4. Automated Detection of CAP
CAP reflects the instability of sleep through EEG, which is accompanied by some dynamic events in the process of sleep (falling asleep, conversion of different sleep periods, and awakening in sleep). It is suggested that when there are external or internal sleep interference factors, the A1 subtype in CAP marks the brain’s efforts to continue to sleep. When sleep becomes increasingly unstable and the brain cannot maintain continuous sleep, EEG arousal will accompany or replace the slow activity with high amplitude. Therefore, A2 and A3 subtypes constitute the arousal of the central nervous system.
Methods for automated detection of CAP are listed in Table 6.
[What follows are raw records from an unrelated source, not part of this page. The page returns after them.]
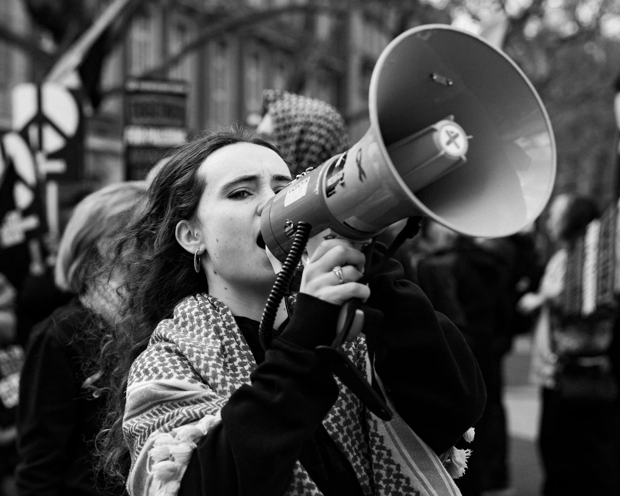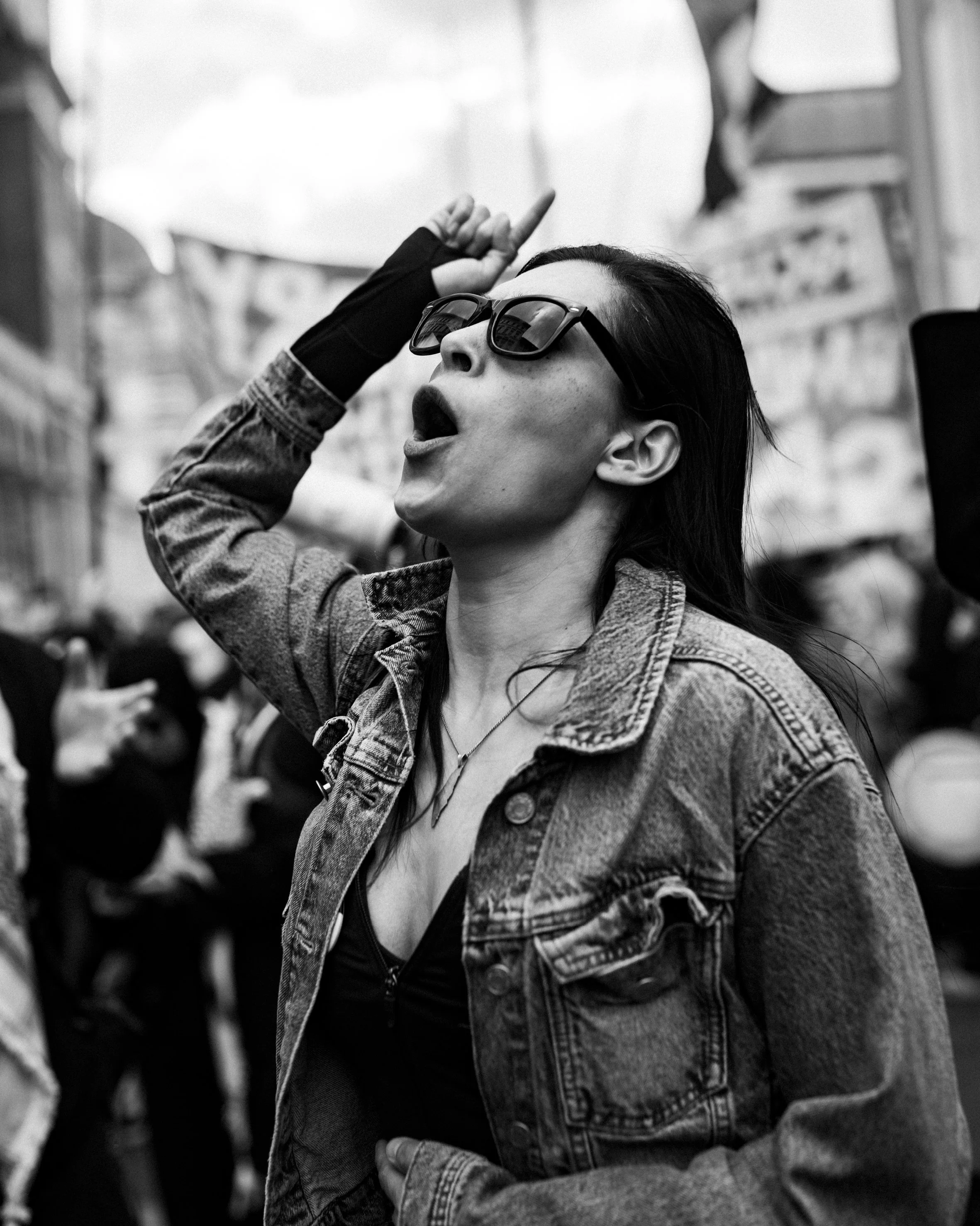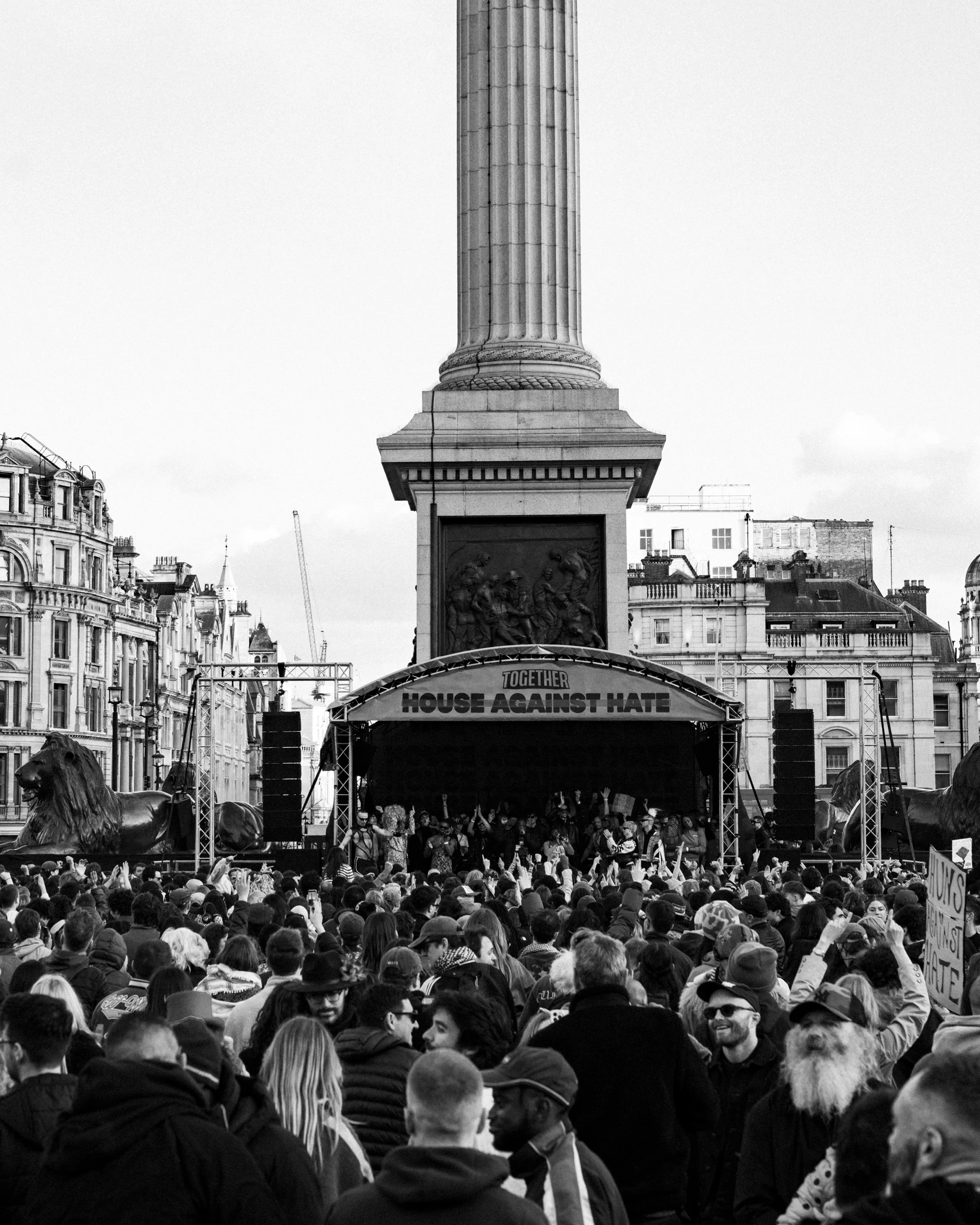 At the same time, another enormous demonstration was taking place: an anti–far-right march. As the day unfolded, these two vast crowds converged, merging into a single, powerful movement. Together, they continued towards Trafalgar Square, which quickly became so densely packed that many, myself included, had to redirect. I made my way towards Downing Street instead, where speakers addressed the crowd with passion and conviction.
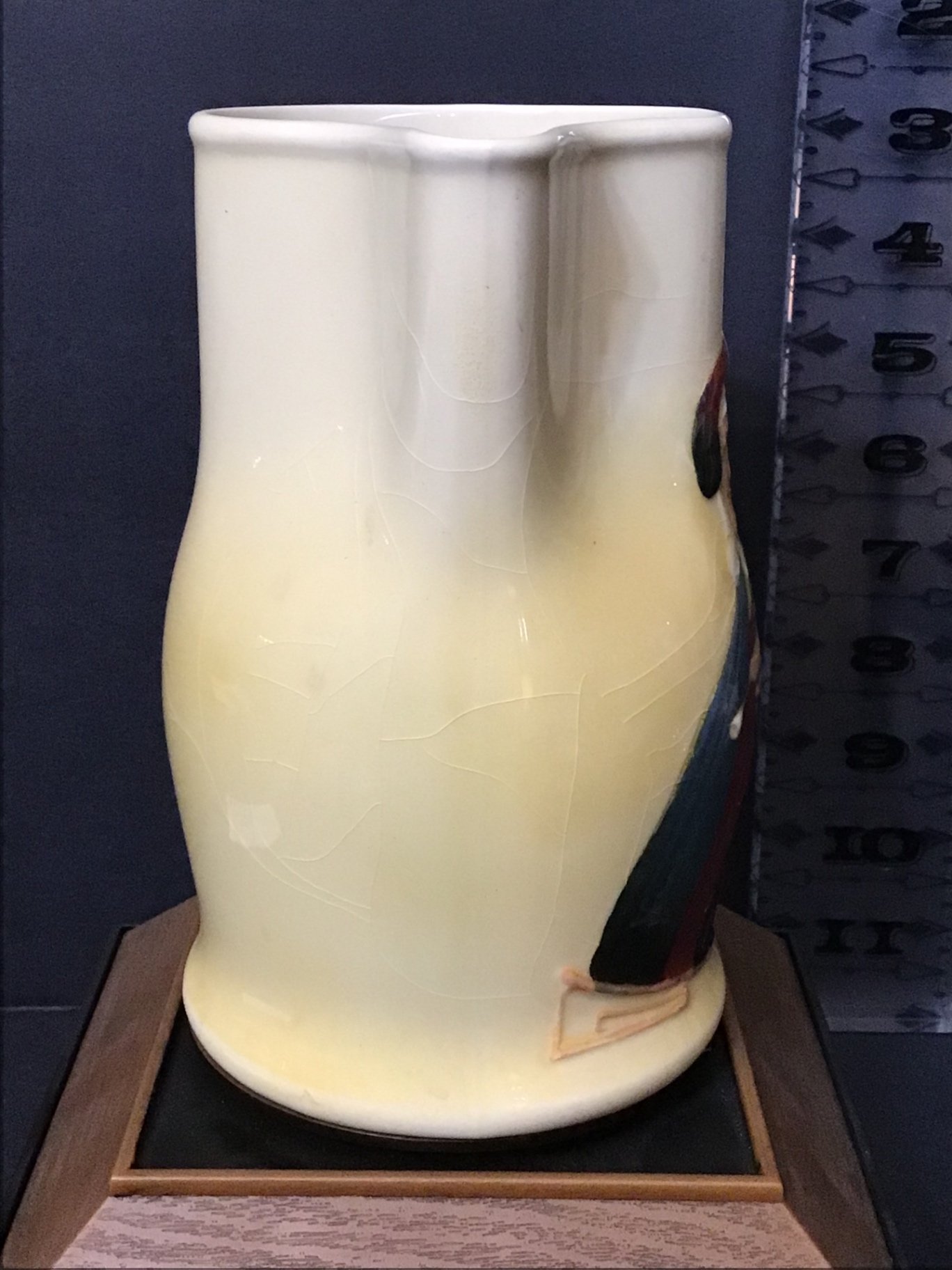 Royal Doulton jug or pitcher featuring John Barleycorn, crazing on glaze, 6.5h. Royal Doulton, made in England, circa 1930s. 1 piece.
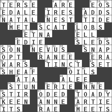 ACROSS 1. Laconic 6. "We ___ not amused" (Victoria) 9. Greek goddess of the dawn 12. Peak District village in England 13. Angers 14. Sums up 15. Relating to or accompanying birth 16. Egg locale 17. Periodic rise and fall of the sea level 18. Was introduced to 19. Leave at once 20. Tennis shots 21. Inactive volcano in Sicily 23. Pipe bend 24. Singer Brickell 25. Bobsleighs 28. Manchild 30. Congenital growth or mark on the skin 34. Fastener 35. Choose 36. The wife of a rajah (variant) 38. Period 39. Armed conflicts 41. Tinged 43. Put into a specified state 44. To gather and bind into a bundle 46. Lubricates 48. _ moment's notice (2 wds.) 49. Toward shelter 50. Surprise greatly 51. 4th largest of the Great Lakes 53. Compass dir. 56. Disorderly outburst 57. Wrote a lyric poem 58. Sycophant 60. Peachy ____! 61. Singer Murray 62. Nick name for Arthur 63. ___ a Wonderful Life 64. Actress Charlotte 65. Confronts DOWN 1. "___ Little Indians" 2. Dutch treat 3. Pace 4. Scheduled 5. Snakelike fish 6. Type of rug 7. Remainder 8. Eastern Standard Time (abbr.) 9. The property of being fit to eat 10. Likelihood 11. Compass dir. 13. South American Indian 14. Ringlike coral islands and reefs 19. Scornful expression 20. French article 22. Shallow baking pan 24. Pleas 26. Have the gumption 27. Argument over a trivial matter 28. Sty mamas 29. Brightly colored fish 31. Large container 32. Single; one (prefix) 33. Elected rep. 37. Learning spot: Fr. 40. Titan orbits this 42. Standoff 45. Avid follower 47. Poe poem 49. Helper 50. Proofreading order 51. Pulitzer Prize-winning author Ferber 52. French philosopher Descartes 54. Nathan's nickname 55. Prepare for publication 56. What Jean-Claude Killy likes to do 57. Boat paddle 58. Scottish cap 59. It is so

Table 6. Automated detection of CAP
Author(Year) [Reference] |
Database |
Data Preprocessing |
Model |
Results |
Mariani et al. (2012) [45][107] |
Parma Sleep Disorders Center |
Hjorth activity; EEG variance |
Discriminant classifier |
Accuracy=84.9% |
Chindhade et al. (2018) [46][105] |
CAP Sleep Database |
Differential moving average |
Logistic regression |
AUROC=0.512;Accuracy = 58% |
Hui et al.(2021) [47][106] |
CAP Sleep Database |
- |
CNN |
Sensitivity=80.29%;Accuracy = 74.43% |
Mendona et al.(2021) [108] |
CAP Sleep Database |
Lowpass filter |
LSTM |
Accuracy=81.3%;Sensitivity=73.7%;Specificity=81.7% |
5. Conclusion
Reliable diagnosis of arousal is the most essential prerequisite of sleep disorder treatment. The ‘gold standard’ for sleep disorders was developed manually by experienced experts, which is a time consuming and costly process. Accurate automated scoring models could assist doctors to identify medical images faster and more accurately, free doctors from tedious work, and ultimately improve the efficiency of laboratory and home sleep diagnostic methods.
This review showed that deep learning models can complete complex tasks, and are more accurate than traditional machine learning models. Deep learning has the powerful function of learning complex features by directly applying them to original data without extracting any manual features. Because the changes in various physiological parameters usually occur in a period of time before arousal, RNN and LSTM can learn the temporal relation in PSG signals. Therefore, using deep learning methods to detect the features of sleep arousals has become a mainstream trend in the field of PSG signals.